Review of Mood Indigo - Sam Smith  Nov 2024

Wendy Klein and I did a book swap. Let Battle Commence was not as anticipated: this is a very big little book, its literary weight worthy of the angst that went into its making, the title as readily descriptive of the Shall-I? Should-I? girding of loins prior to Wendy addressing her family’s past.

War poems have long become a genre all their own. Anti-war poems especially. Rudyard Kipling even, while beloved of the warmongering right, still excoriated post-war British governments with his Tommy-this and Tommy-that. A neglect of ex-service personnel that continues to this day. Tennyson’s Charge of the Light Brigade, although seeming to glorify heroism, served more to demonstrate war’s waste and futility. Indeed it is hard to find a writer who does glorify war. Even that old macho Hemingway compiled one of the best anthologies of war writing, of what it is like to be actually under fire, even featuring Stendhal on the Napoleonic wars.

Wendy has followed in that appalled-by-war literary tradition with her poems based on her great grandfather’s letters home from within the US civil war. Generally the collection is one long reconciliation, her long ago grandparent having been fighting for the Confederates, and thus supporting slavery, and her being of this 21st century’s cosmopolitan culture.

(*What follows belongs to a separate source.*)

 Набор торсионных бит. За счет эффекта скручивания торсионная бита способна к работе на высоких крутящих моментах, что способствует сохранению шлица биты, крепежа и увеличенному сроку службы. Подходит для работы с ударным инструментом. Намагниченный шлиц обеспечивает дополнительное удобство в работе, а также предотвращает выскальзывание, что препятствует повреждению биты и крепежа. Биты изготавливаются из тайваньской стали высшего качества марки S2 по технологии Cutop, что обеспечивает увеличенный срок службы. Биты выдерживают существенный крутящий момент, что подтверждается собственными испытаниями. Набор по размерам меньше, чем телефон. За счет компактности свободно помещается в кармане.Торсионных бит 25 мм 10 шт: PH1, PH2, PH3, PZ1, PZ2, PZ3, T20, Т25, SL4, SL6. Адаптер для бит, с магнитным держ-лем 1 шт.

Hers is a clear-eyed view of the past, and as importantly of the imperfect present. She manages to convey a familial empathy for her ancient relatives, while being both appalled by her great grandfather’s cause and his wartime predicaments. The opening poem for instance is in the spirit of the aforementioned Kipling poem, but hers as an old-fashioned newspaper vendor shouting out the headlines, which serve to detail the killing innovations made during that civil war.

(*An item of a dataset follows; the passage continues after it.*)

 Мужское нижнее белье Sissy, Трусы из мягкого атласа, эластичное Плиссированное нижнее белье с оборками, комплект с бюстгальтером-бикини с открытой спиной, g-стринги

I find myself reluctant to quote any single poem here as each contributes to the whole and any one would be an imperfect example. The collection could also be called one long lament wherein she bemoans the ancestry of modern day weapons too. Recounted with no illusions she tries to forgive her forebears, their being of a time and place, but yet… We are none of us now perfect, and what will the future make of us? Us with our ongoing wars?

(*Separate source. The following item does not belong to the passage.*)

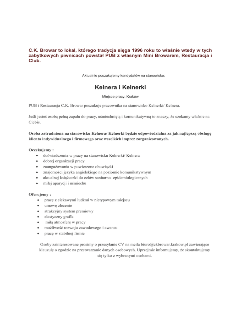 C.K. Browar to lokal, którego tradycja sięga 1996 roku to właśnie wtedy w tych zabytkowych piwnicach powstał PUB z własnym Mini Browarem, Restauracja i Club. C Aktualnie poszukujemy kandydatów na stanowisko: Kelnera i Kelnerki Miejsce pracy: Kraków PUB i Restauracja C.K. Browar poszukuje pracownika na stanowisko Kelnerki/ Kelnera. Jeśli jesteś osobą pełną zapału do pracy, uśmiechniętą i komunikatywną to znaczy, że czekamy właśnie na Ciebie. Osoba zatrudniona na stanowisku Kelnera/ Kelnerki będzie odpowiedzialna za jak najlepszą obsługę klienta indywidualnego i firmowego oraz wszelkich imprez zorganizowanych. Oczekujemy : doświadczenia w pracy na stanowisku Kelnerki/ Kelnera dobrej organizacji pracy zaangażowania w powierzone obowiązki znajomości języka angielskiego na poziomie komunikatywnym aktualnej książeczki do celów sanitarno- epidemiologicznych miłej aparycji i uśmiechu Oferujemy : pracę z ciekawymi ludźmi w nietypowym miejscu umowę zlecenie atrakcyjny system premiowy elastyczny grafik miłą atmosferę w pracy możliwość rozwoju zawodowego i awansu pracę w stabilnej firmie Osoby zainteresowane prosimy o przesyłanie CV na meila [email protected] zawierające klauzulę o zgodzie na przetwarzanie danych osobowych. Uprzejmie informujemy, że skontaktujemy się tylko z wybranymi osobami.

I don’t think I’ve come across a poetry collection like this before, one that goes to such depths to avoid easy judgements. As conflicted as Walt Whitman’s accounts of nursing in that war, Wendy Klein’s inner turmoil is what makes this book so big, that gives it such a density, the wanting to be proud, admitting to the shame, embracing her ancestors’ humanity, her reluctance to judge while knowing that she ought to and yet… and yet.